The General Directorate of Legal Affairs is the core department of MOLA and the one responsible for carrying out its legal functions, it is also divided into three Directorates:
- The Directorate of Legislation – This directorate is responsible for preparing and reviewing draft legislation.
- The Directorate of Legal Opinions – This directorate is responsible for issuing legally binding opinions relating to any issue referred to MOLA from any other governmental body.
- The Directorate of Contracts and Treaties – This directorate is responsible for reviewing government contracts and international treaties.

== Publications ==

MOLA issued the following publications:

- The Official Gazette: A weekly publication containing the legislation issued in the previous two weeks.
- Annual Law Volumes: An annual volume containing all legislation issued in the past year.
- Legal Opinion Books: Periodic books containing all the legal opinions issued by MOLA in response to queries made by other governmental bodies.

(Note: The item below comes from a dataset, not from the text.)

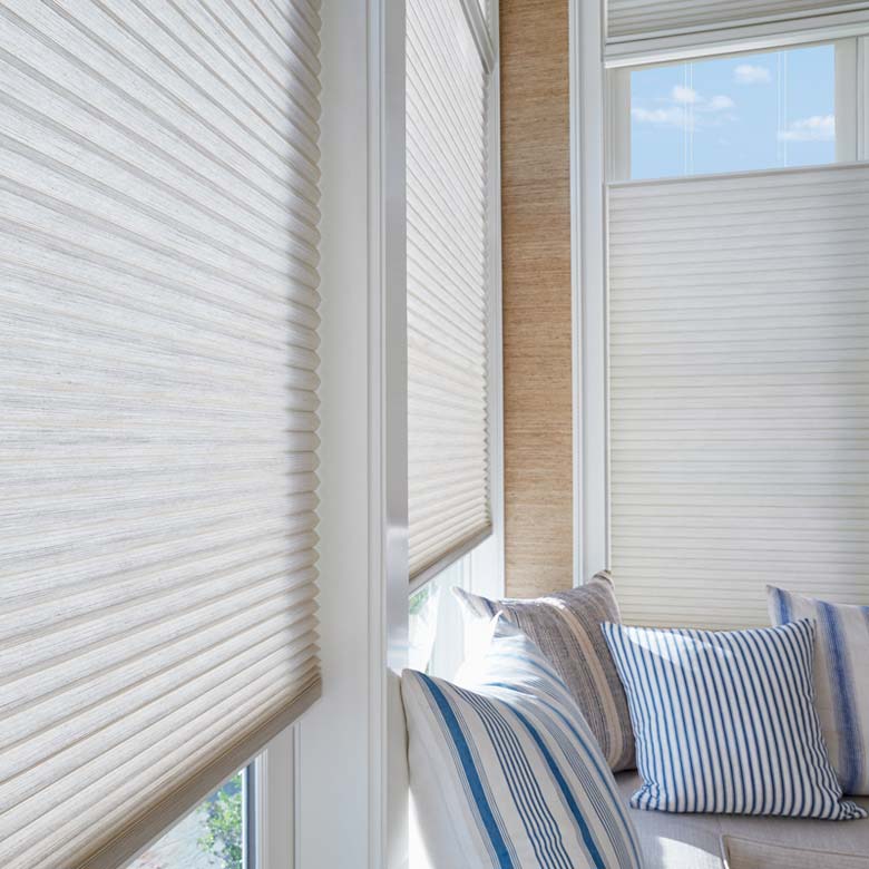 We carry three collections of cellular shades: Duette Honeycomb Shades, Applause Honeycomb Shades and Sonnette Cellular Roller Shades.

Annual Law Volumes and Legal Opinion Books are available as CD applications in addition to their hard copy editions.

== Additional Responsibilities of the Minister of Legal Affairs ==
The Minister of Legal Affairs was required by law to undertake the following roles:
- Member of the Civil Service Council.
- Chairman of the Board of the Oman Charitable Organization.
- Member of the Board of Trustees of the College of Sharia Sciences.